Her cry summoned the woodcutter, who came running up, very pale, with his axe in his hand. "What is this?" he asked. "Who is injuring my child?"

Sobbing, his wife pointed to where the Old Gnome cowered, blinking, caught at last in the sunlight outside his cell.

"A Gnome!" cried David in horror. "One of the pests from the Great Fear! What are you doing here, Monster? How shall we pay you to go away and leave us in peace?"

"I will go away," said the Old Gnome humbly, "though I belong not to the Great Fear, and I came here before you. My wish is not evil you-ward. It is I who am a friend. But I will go." With a kind look at the baby he turned away.

But the baby struggled down from her mother's arms and ran after him crying,--"No, no! Do not go away, dear, beautiful Fairy! Mother! Father! It is the friend whom we all love. I have heard you praise him. Do not send him away."

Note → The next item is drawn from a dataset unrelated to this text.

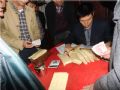 四、组委会领导,梁平县信鸽协会副主席蒋林翔,山寨板“主拍手”,对13羽优胜鸽主持拍卖。以三寸“惊堂木”木板,拍出今天万元冠军鸽……。创造的秋季拍卖新高。
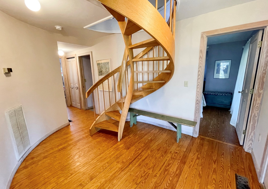 Second Floor: Spiral staircase to the second floor. Open floor plan with dining, kitchen, and living area with TV/DVD/VCR. Bedroom with Queen bed and TV. Half bath.

"The Fairy!" cried the father, running to capture her.

"It is no Fairy, child!" said the mother. "It is one of the ugly, wicked Gnomes who do only evil. Let him go!"

But the child struggled and shrieked. "He shall not go! It is the beautiful Fairy who helps us. I have watched him doing all the kind things you say the Fairy does, and I love him dearly. He shall not go!" The father and mother looked at each other, then at the shrinking Gnome. "Is this true?" they demanded, "or is this some wicked Gnome-trick which has bewitched our child?"

The Old Gnome bowed meekly. "Alas! I am no Fairy, as I fain would be," he confessed. "But I loved to hear you call me so. I am a Gnome; but I have done no evil, only good, so far as my skill went. The happy days are over now. The child knows the truth. No one will ever again think me beautiful or good. I had forgotten how old I was; I had almost grown to feel young again in the merry, busy days of service. But now the time has come indeed for me to lie down in the long sleep. I will go away and find a new cell, and curl me up in a happy dream which will last forever."

Once more he turned to go. The father and mother were silent.